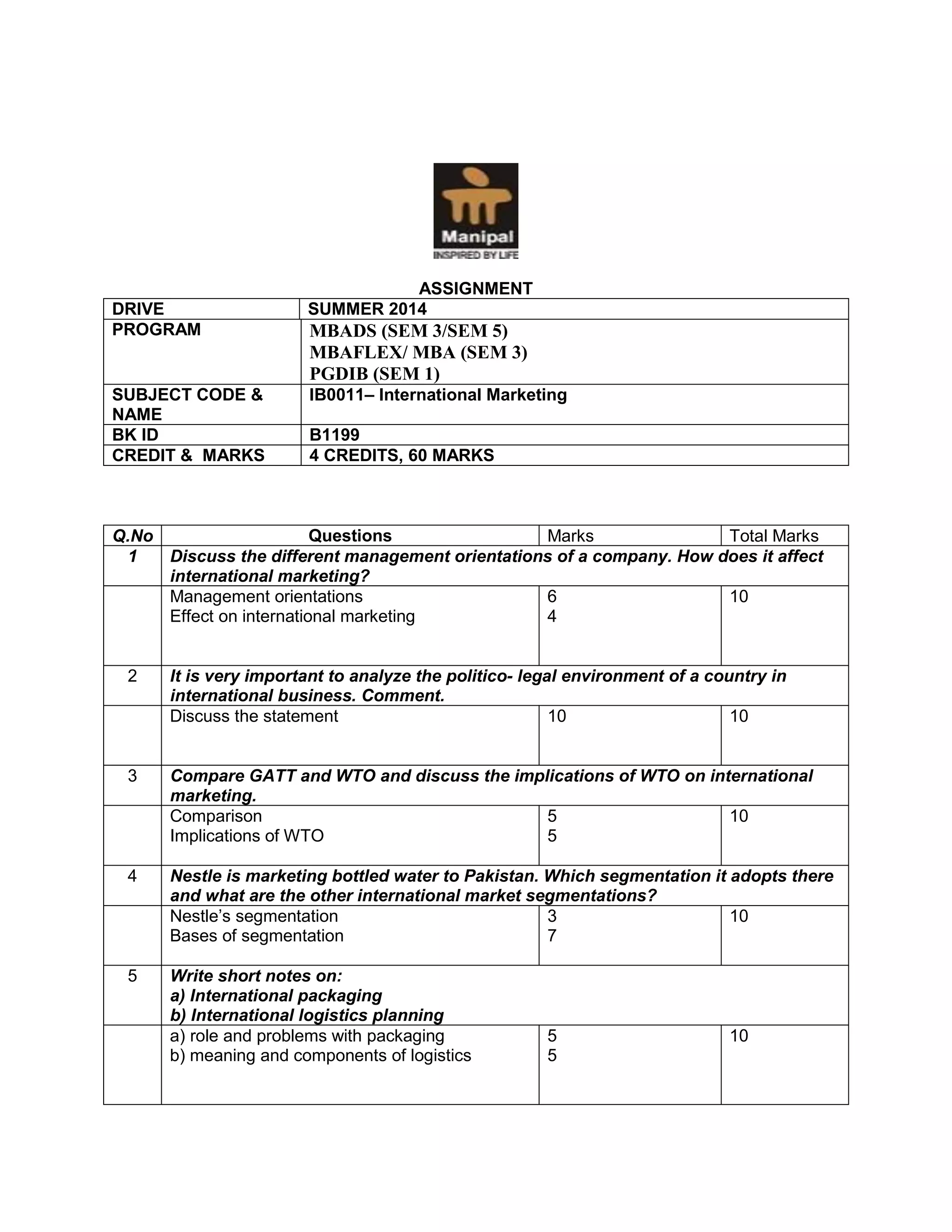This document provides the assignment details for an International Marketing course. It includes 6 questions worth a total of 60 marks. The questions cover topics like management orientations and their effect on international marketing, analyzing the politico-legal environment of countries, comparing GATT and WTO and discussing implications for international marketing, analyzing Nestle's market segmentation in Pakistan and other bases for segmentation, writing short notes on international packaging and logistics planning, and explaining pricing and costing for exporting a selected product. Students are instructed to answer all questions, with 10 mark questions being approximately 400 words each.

--

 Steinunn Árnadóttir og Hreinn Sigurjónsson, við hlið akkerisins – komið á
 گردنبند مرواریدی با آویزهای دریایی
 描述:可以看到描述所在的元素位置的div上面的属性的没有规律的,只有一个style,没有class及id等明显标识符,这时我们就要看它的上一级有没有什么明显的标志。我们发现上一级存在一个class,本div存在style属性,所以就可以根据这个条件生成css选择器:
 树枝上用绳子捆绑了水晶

---

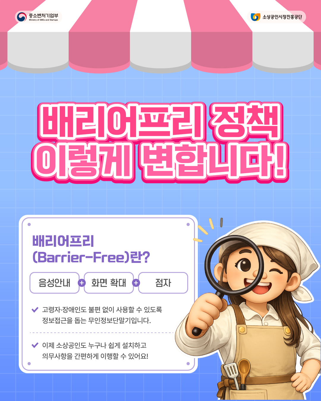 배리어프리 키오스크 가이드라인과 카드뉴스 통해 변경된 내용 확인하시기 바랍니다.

WHAT IS REQUIRED: Every line above from the line with "Steinunn Árnadóttir og" to the line with "树枝上用绳子捆绑了水晶", inclusive, must be returned exactly; no other line belongs in the reply.

TASK RESPONSE:
 Steinunn Árnadóttir og Hreinn Sigurjónsson, við hlið akkerisins – komið á
 گردنبند مرواریدی با آویزهای دریایی
 描述:可以看到描述所在的元素位置的div上面的属性的没有规律的,只有一个style,没有class及id等明显标识符,这时我们就要看它的上一级有没有什么明显的标志。我们发现上一级存在一个class,本div存在style属性,所以就可以根据这个条件生成css选择器:
 树枝上用绳子捆绑了水晶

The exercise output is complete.